Haskell基准测试/非严格减少的nf / whnf的优化

Question

I am trying to optimize a library which is designed to take a large data set and then apply different operations to it. Now that the library is working, I want to optimize it.

I am under the impression that non-strict evaluation allows GHC to combine operations so that the data is only iterated over once when all of the functions are written so that arguments are ordered to facilitate whnf reduction. (And to potentially reduce the number of operations performed on each datum)

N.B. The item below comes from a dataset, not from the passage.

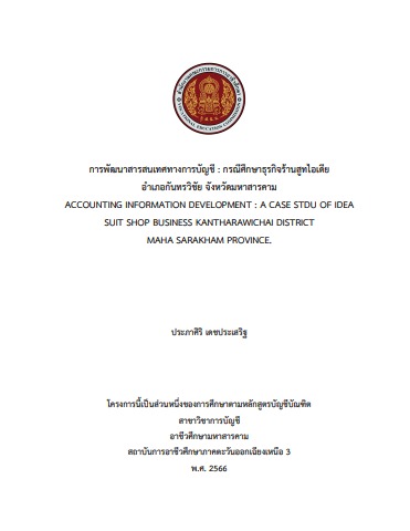 การพัฒนาสารสนเทศทางการบัญชี : กรณีศึกษาธุรกิจร้านสูทไอเดีย อำเภอกันทรวิชัย จังหวัดมหาสารคาม

To test this I wrote the following code:

import Criterion.Main

main = defaultMain
       [ bench "warmup (whnf)" $ whnf putStrLn "HelloWorld",
         bench "single (whnf)" $ whnf single [1..10000000],
         bench "single (nf)"   $ nf   single [1..10000000],
         bench "double (whnf)" $ whnf double [1..10000000],
         bench "double (nf)"   $ nf   double [1..10000000]]

single :: [Int] -> [Int]
single lst = fmap (* 2) lst

double :: [Int] -> [Int]             
double lst =  fmap (* 3) $ fmap (* 2) lst

Benchmarking using the Criterion library I get the following results:

benchmarking warmup (whnf)
mean: 13.72408 ns, lb 13.63687 ns, ub 13.81438 ns, ci 0.950
std dev: 455.7039 ps, lb 409.6489 ps, ub 510.8538 ps, ci 0.950

benchmarking single (whnf)
mean: 15.88809 ns, lb 15.79157 ns, ub 15.99774 ns, ci 0.950
std dev: 527.8374 ps, lb 458.6027 ps, ub 644.3497 ps, ci 0.950

benchmarking single (nf)
collecting 100 samples, 1 iterations each, in estimated 107.0255 s
mean: 195.4457 ms, lb 195.0313 ms, ub 195.9297 ms, ci 0.950
std dev: 2.299726 ms, lb 2.006414 ms, ub 2.681129 ms, ci 0.950

benchmarking double (whnf)
mean: 15.24267 ns, lb 15.17950 ns, ub 15.33299 ns, ci 0.950
std dev: 384.3045 ps, lb 288.1722 ps, ub 507.9676 ps, ci 0.950

benchmarking double (nf)
collecting 100 samples, 1 iterations each, in estimated 20.56069 s
mean: 205.3217 ms, lb 204.9625 ms, ub 205.8897 ms, ci 0.950
std dev: 2.256761 ms, lb 1.590083 ms, ub 3.324734 ms, ci 0.950

Does GHC optimize the "double" function so that the list is only operated on once by (* 6)? The nf results show that this is the case because otherwise the mean computation time for "double" would be twice that of "single"

What is the difference that makes the whnf version run so fast? I can only assume that nothing is actually being performed (OR just the first iteration in the reduction)

Am I even using the correct terminology?

Answer 1

Looking at the core (intermediate code) generated by GHC using the -ddump-simpl option, we can confirm that GHC does indeed fuse the two applications of map into one (using -O2 ). The relevant parts of the dump are:

Main.main10 :: GHC.Types.Int -> GHC.Types.Int
GblId
[Arity 1
 NoCafRefs]
Main.main10 =
  \ (x_a1Ru :: GHC.Types.Int) ->
    case x_a1Ru of _ { GHC.Types.I# x1_a1vc ->
    GHC.Types.I# (GHC.Prim.*# (GHC.Prim.+# x1_a1vc 2) 3)
    }

Main.double :: [GHC.Types.Int] -> [GHC.Types.Int]
GblId
[Arity 1
 NoCafRefs
 Str: DmdType S]
Main.double =
  \ (lst_a1gF :: [GHC.Types.Int]) ->
    GHC.Base.map @ GHC.Types.Int @ GHC.Types.Int Main.main10 lst_a1gF

Note how there is only one use of GHC.Base.map in Main.double , referring to the combined function Main.main10 which both adds 2 and multiplies by 3. This is likely a result of GHC first inlining the Functor instance for lists so that fmap becomes map , and then applying a rewrite rule that allows two applications of map to be fused, plus some more inlining and other optimizations.

WHNF means that the expression is only evaluated to the "outermost" data constructor or lambda. In this case, that means the first (:) constructor. That's why it's so much faster, since almost no work is being done. See my answer to What is Weak Head Normal Form? for more details.